Exercise instructions
Take the lines below from the one with "Amazingly beautiful Malachite" through the one with "There were three" and retype them exactly. Include nothing else, and no pictures.

── Dataset content ──

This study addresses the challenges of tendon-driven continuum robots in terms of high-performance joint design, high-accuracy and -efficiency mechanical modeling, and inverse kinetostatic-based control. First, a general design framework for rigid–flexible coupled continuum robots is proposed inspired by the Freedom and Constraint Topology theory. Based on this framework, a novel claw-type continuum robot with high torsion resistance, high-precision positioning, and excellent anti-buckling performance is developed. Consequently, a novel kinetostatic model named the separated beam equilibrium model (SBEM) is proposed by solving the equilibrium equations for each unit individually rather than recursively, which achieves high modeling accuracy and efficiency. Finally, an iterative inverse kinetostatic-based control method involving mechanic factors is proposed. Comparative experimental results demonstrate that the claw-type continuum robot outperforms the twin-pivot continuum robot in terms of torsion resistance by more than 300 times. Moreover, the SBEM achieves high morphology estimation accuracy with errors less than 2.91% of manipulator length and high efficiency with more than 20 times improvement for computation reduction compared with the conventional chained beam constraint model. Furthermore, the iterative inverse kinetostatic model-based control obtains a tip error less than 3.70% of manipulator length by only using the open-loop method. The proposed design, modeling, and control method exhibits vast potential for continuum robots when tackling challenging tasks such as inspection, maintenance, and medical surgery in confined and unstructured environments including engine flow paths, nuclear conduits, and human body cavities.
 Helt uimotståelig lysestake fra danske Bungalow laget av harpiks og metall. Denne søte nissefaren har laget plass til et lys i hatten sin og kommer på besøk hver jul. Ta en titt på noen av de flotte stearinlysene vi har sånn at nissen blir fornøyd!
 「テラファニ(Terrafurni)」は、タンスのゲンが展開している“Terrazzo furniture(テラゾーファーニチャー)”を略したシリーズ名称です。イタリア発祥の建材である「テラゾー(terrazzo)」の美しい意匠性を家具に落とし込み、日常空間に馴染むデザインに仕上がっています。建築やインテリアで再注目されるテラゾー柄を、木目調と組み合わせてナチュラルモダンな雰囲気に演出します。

───
── Dataset content ──

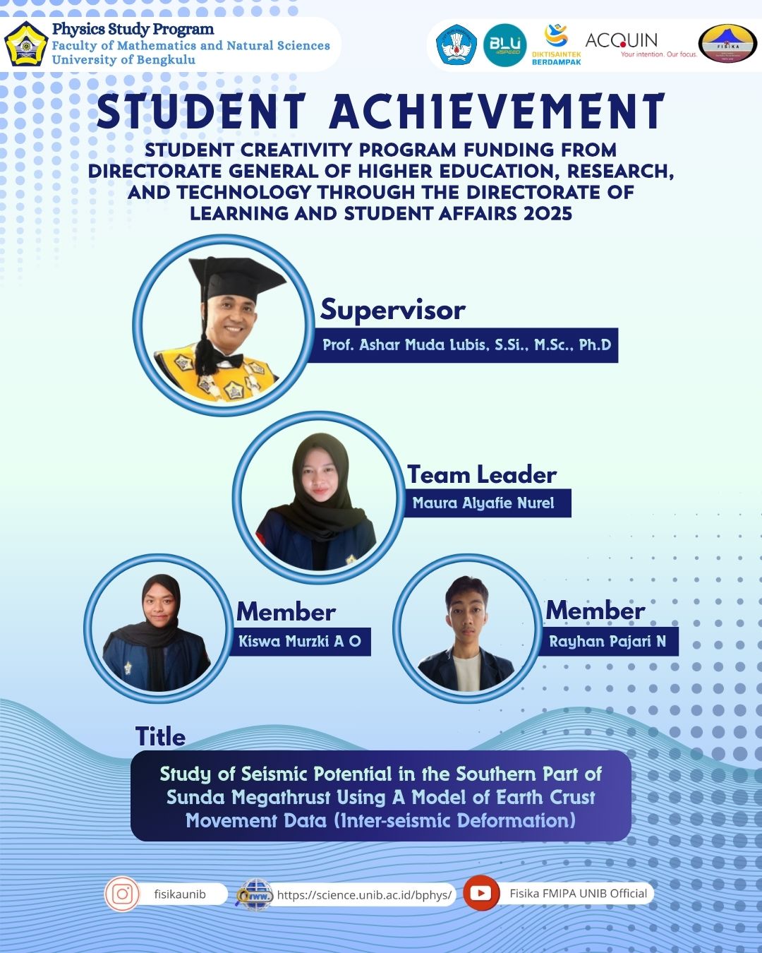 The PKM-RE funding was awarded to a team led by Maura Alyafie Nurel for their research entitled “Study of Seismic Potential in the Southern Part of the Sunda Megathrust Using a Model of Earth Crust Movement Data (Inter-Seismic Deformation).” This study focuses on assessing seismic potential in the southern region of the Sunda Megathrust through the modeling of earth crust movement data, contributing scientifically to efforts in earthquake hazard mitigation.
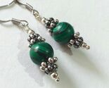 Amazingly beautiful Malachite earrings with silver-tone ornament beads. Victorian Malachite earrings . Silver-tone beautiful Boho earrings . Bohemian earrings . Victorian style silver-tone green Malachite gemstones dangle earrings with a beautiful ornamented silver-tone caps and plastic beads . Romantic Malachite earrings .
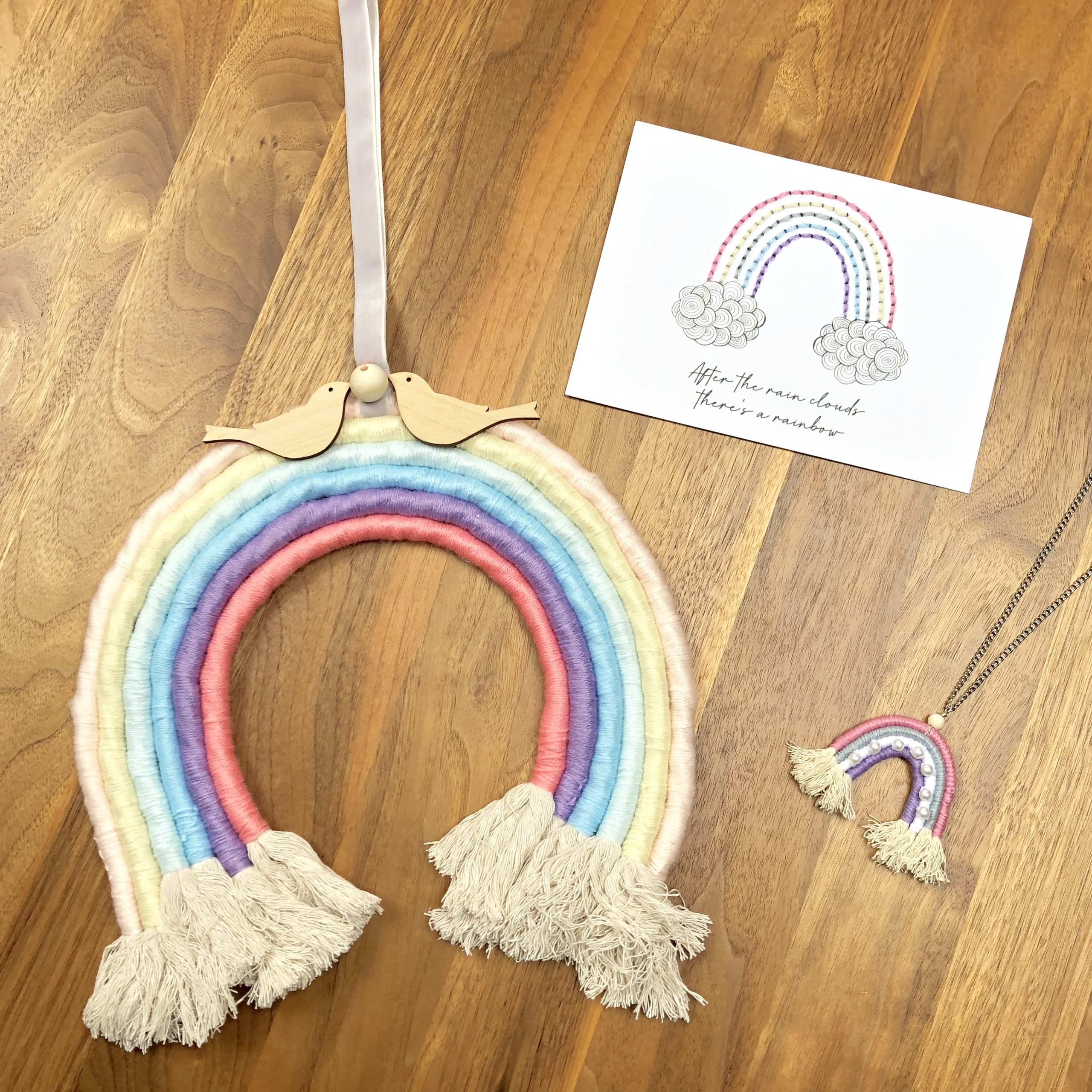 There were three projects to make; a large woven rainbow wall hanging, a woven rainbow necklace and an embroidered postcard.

───

Output for this exercise
 Amazingly beautiful Malachite earrings with silver-tone ornament beads. Victorian Malachite earrings . Silver-tone beautiful Boho earrings . Bohemian earrings . Victorian style silver-tone green Malachite gemstones dangle earrings with a beautiful ornamented silver-tone caps and plastic beads . Romantic Malachite earrings .
 There were three projects to make; a large woven rainbow wall hanging, a woven rainbow necklace and an embroidered postcard.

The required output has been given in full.